Max Planck Institute for Evolutionary Anthropology, Department of Linguistic and Cultural Evolution, Leipzig, 04103, Germany.
Uppsala University, Department of Linguistics and Philology, Uppsala, 751 26, Sweden.
Sci Data. 2024 Aug 29;11(1):949. doi: 10.1038/s41597-024-03816-w.
Wurm & Hattori's Language Atlas of the Pacific Area describes the geographic speaker areas of the languages and language varieties spoken in the Pacific. Thanks to the efforts of the Electronic Cultural Atlas Initiative, this monumental piece of work has been available in digital form for over 15 years. But lacking proper identification of language varieties, this digitized data was largely unusable for today's research methods. We turned ECAI's digitized artefacts of the Language Atlas into an open, reusable geo-referenced dataset of speaker area polygons for a quarter of the world's languages. This allows for much more refined analysis methods to, for example, analyse language contact in the area of the world with the highest linguistic diversity. We also describe a number of tool applications and quality checks which may be useful for methodological development in similar digitization efforts.

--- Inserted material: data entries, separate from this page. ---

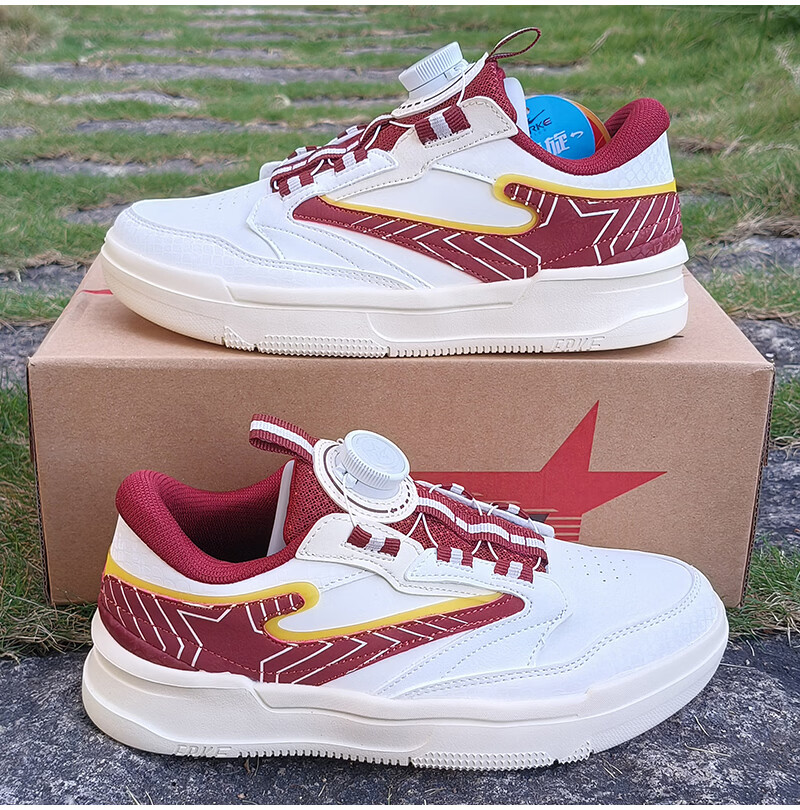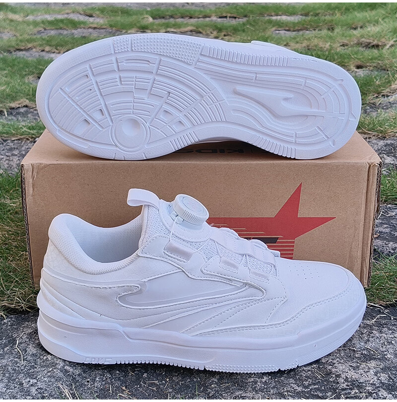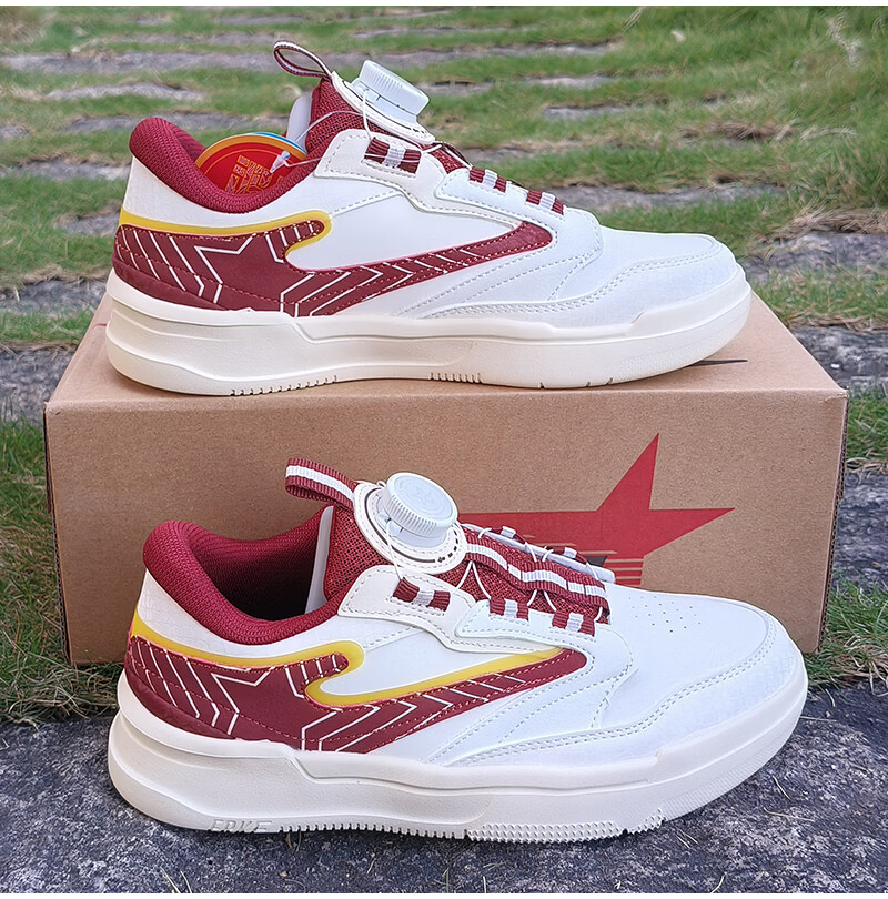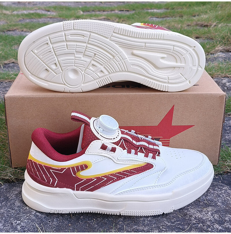 Hongxing Erke (ERKE) children's shoes, sneakers for boys and middle-aged children, non-slip, wear-resistant, lightweight and breathable sports shoes, spring new white shoes, casual travel shoes, microcrystalline white/Bordeaux red 33
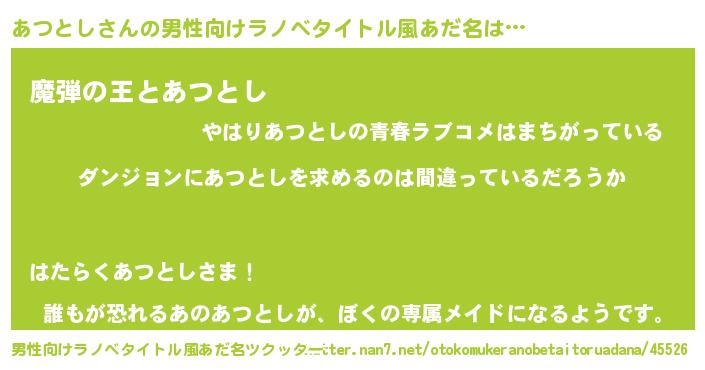 | 女子向けラノベタイトル風あだ名 | 『あつとしは平凡を望む』 |
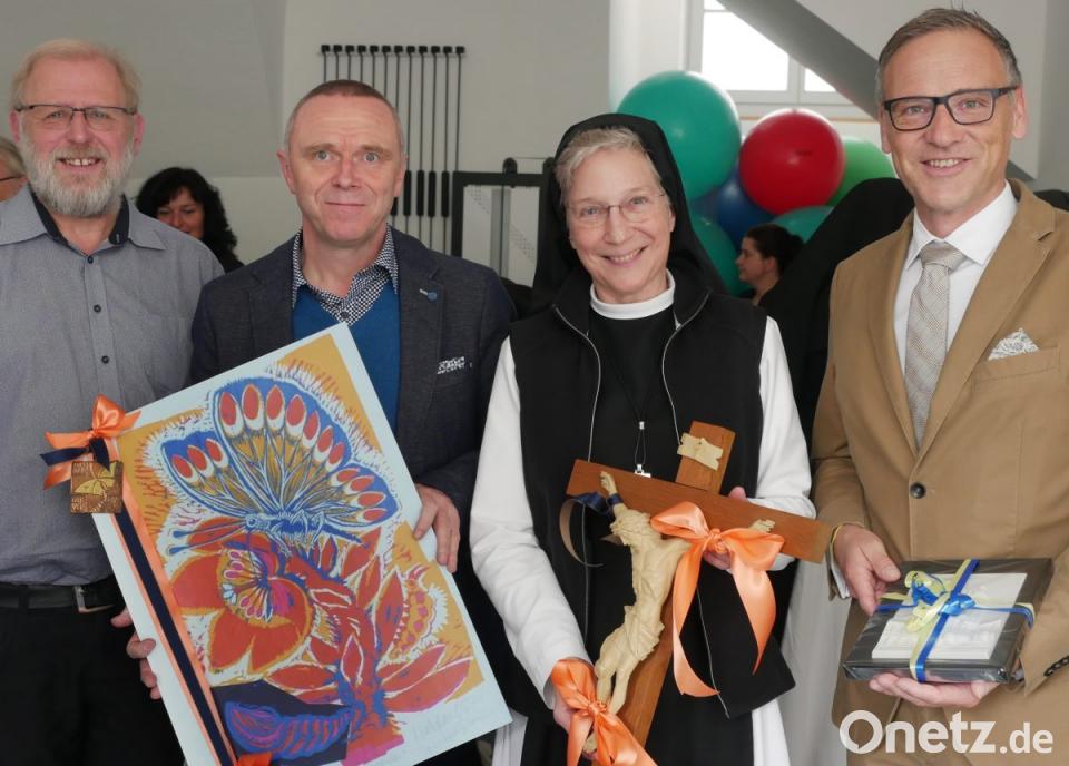 Als Einstandsgeschenk überreichte die Klosterchefin ein Bild mit dem Titel "Paradiesfalter" von Jörgen Habedank - eine Metapher die zeigt, wie die unscheinbare Raupe zum wunderschönen Schmetterling wird. Eine wunderbare Verwandlung, die hervorragend das beschreibe was aus dem ehemaligen Brauhaus aus der Barockzeit entstanden ist. Zudem überreichte sie ein Kreuz aus dem Klosterfundus, als Symbol der Verbundenheit zwischen Kloster und "Brauhaus-Physiopraxis".

沃尔姆和服部的《太平洋地区语言图集》描述了太平洋地区语言和语言变体的地理分布情况。得益于电子文化地图集倡议的努力,这部巨著已经以数字化形式存在了 15 年以上。但是,由于缺乏对语言变体的适当识别,这些数字化数据在很大程度上无法用于当今的研究方法。我们将《语言图集》中的电子文化地图集制品转化为四分之一世界语言的开放式、可重复使用的、具有地理位置参照的发言人区域多边形数据集。这使得可以采用更加精细的分析方法,例如,分析语言在世界上语言多样性最高的地区的接触情况。我们还描述了一些工具应用程序和质量检查,这些对于类似数字化工作中的方法学发展可能是有用的。